Women should take note of this research as well. Other studies have shown a link between lycopene consumption and a delay in the growth of cancer cells in the breast, lung and uterus. Lycopene intake also has been shown to improve daily functions in the elderly.
Lycopenes from processed tomatoes seem to be more efficiently absorbed from sauce, paste or ketchup than from raw tomatoes, according to a researcher at the Dana-Farber Cancer Institute in Boston. The processing seems to concentrate the amount of lycopene present and improve absorption.

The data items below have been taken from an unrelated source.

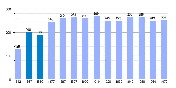 | Gráfica de evolución demográfica de Las Torres[5] entre 1842 y 1970 |
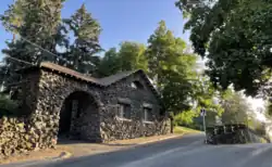 A carriage and gate house was built for the property where it fronted along Seventh Avenue, which is also considered to be a pivotal property in the NRHP listing. The house with its arched gate were constructed out of basalt rocks.[2]
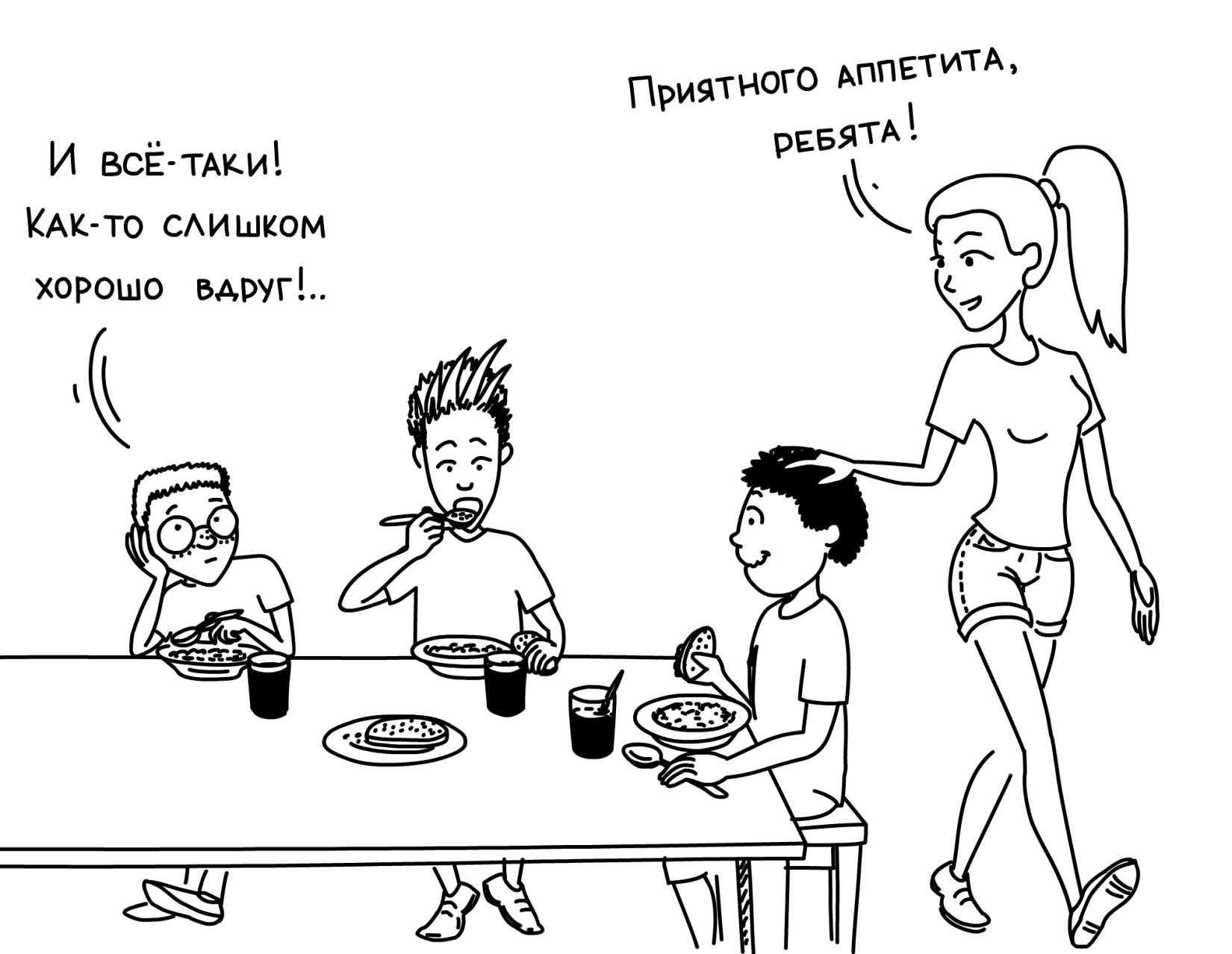 Но в моём сознании тревожно полыхнула мысль, что ГДЕ-ТО здесь подвох. Это всё неспроста. Мой мозг кричал, что пища, скорее всего, отравлена специальными токсинами. Что опыты над нами наверняка УЖЕ начались. Но я просто не мог остановиться. Я никогда не ел такой вкусной овсянки!

Here's a chance to increase your lycopene intake. A one-cup serving of Simple Tomato Sauce is lycopene rich and contains 140 calories and 7 grams of fat. By using olive oil, you're following Italian tradition as well as keeping most of the fat in the monounsaturated form that has been shown to be most heart healthy. A serving also provides more than 80 percent of the daily recommendations for vitamins C and A (as carotenoids). And it tastes good too.